The newest issue of our own Netherlands Quarterly of Human Rights, vol. 34, no. (2016), includes:
* S. Langlaude Doné, 'Religious Organisations, Internal Autonomy and Other Religious Rights before the European Court of Human Rights and the OSCE'.
* R.L. Glas, 'The Functioning of the Pilot-Judgment Procedure of the European Court of Human Rights in Practice'.

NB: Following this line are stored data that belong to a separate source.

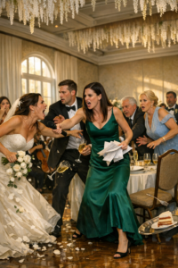 One of her bridesmaids—a brunette with glossy curls and a grin like she’d never once questioned her place in any room—smirked openly.
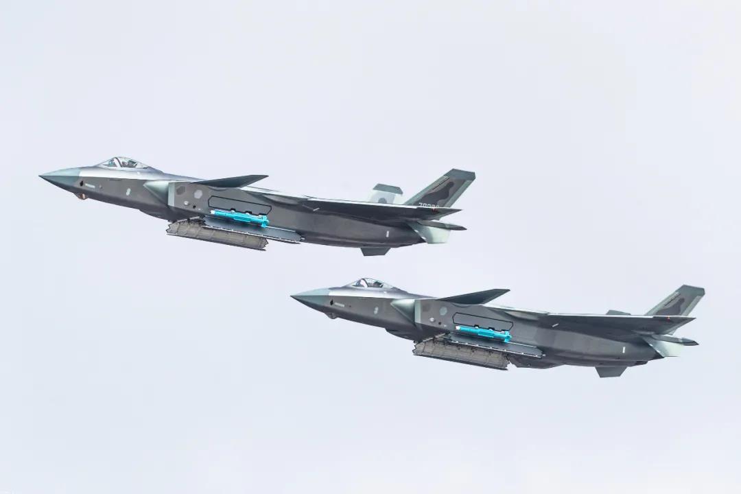 2019年10月17日,慶祝人民空軍成立70周年航空開放活動·長春航空展上,兩架殲20編隊而來,第一次通場時打開了側面彈艙,露出了白色的格斗導彈,隨后雙機編隊解散,一架返回,另一架留在本場繼續進行飛行表演。
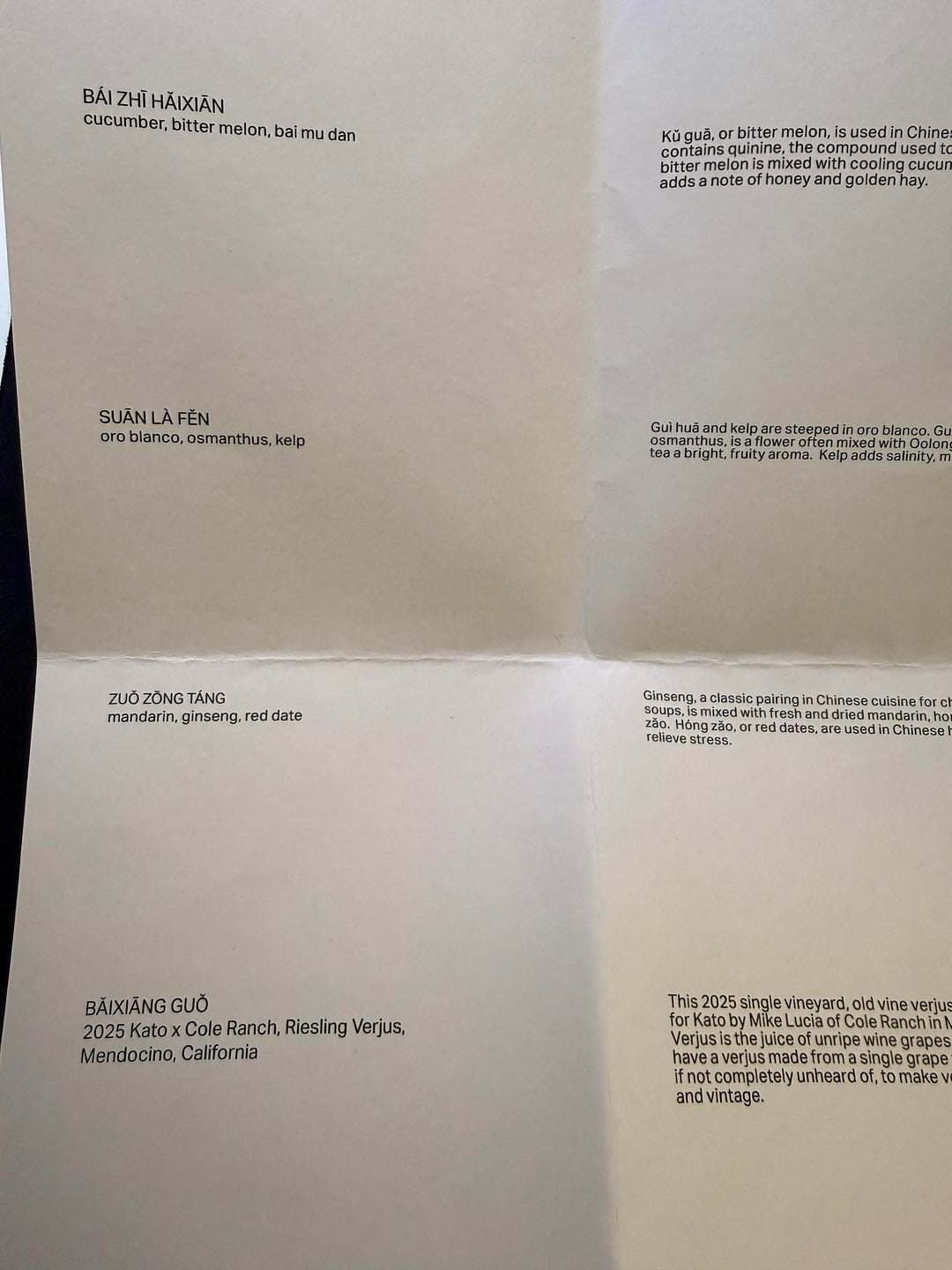 There’s been a lot of hype recently behind Kato especially after chef Jon Yao’s James Beard award along with the new eater video! I’ve been following Kato for a few years now and after reading all of the rave reviews here I decided to give it a try. I opted for the bar tasting menu ($185) as they didn’t have any availability for the full menu along with a non alc pairing ($55 on opentable but $70 in person…will get to this later).
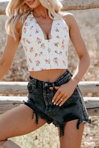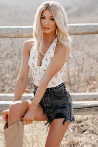 Sweet Tease Floral Halter Top (Off White) - NanaMacs
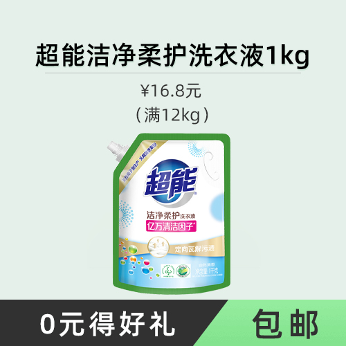 超能洁净柔护洗衣液1kg购买价:¥16.80包邮 -

Marko Milanovic has posted on SSRN an a chapter of a foryhcoming book: 'Jurisdiction and Responsibility: Trends in the Jurisprudence of the Strasbourg Court', to be published in The ECHR and General International Law, Anne van Aaken & Iulia Motoc eds., forthcoming. This is the abstract:
This paper examines the overarching trends in the jurisprudence of the European Court of Human Rights on questions of state jurisdiction in the sense of Article 1 of the European Convention on Human Rights and state responsibility, after its seminal judgment in the Al-Skeini case. While the chapter makes no claim to comprehensiveness of coverage, it first discusses the threshold question of the extraterritorial applicability of human rights treaties, and analyses the relationship between the notions of jurisdiction and responsibility, specifically looking at the recent Jaloud v. Netherlands case. It then examines the issue of the relationship between human rights and international humanitarian law and the European Court’s judgment in Hassan v. UK. This chapter’s main thesis is that the Court is growing increasingly comfortable with applying the Convention extraterritorially and in armed conflict, as well as in directly invoking rules of international humanitarian law. However, a number of important caveats and uncertainties remain in the Court’s jurisprudence, which will inevitably be at issue in important cases currently pending or soon to be pending before it, e.g. the many interstate and individual applications dealing with the conflict in Ukraine.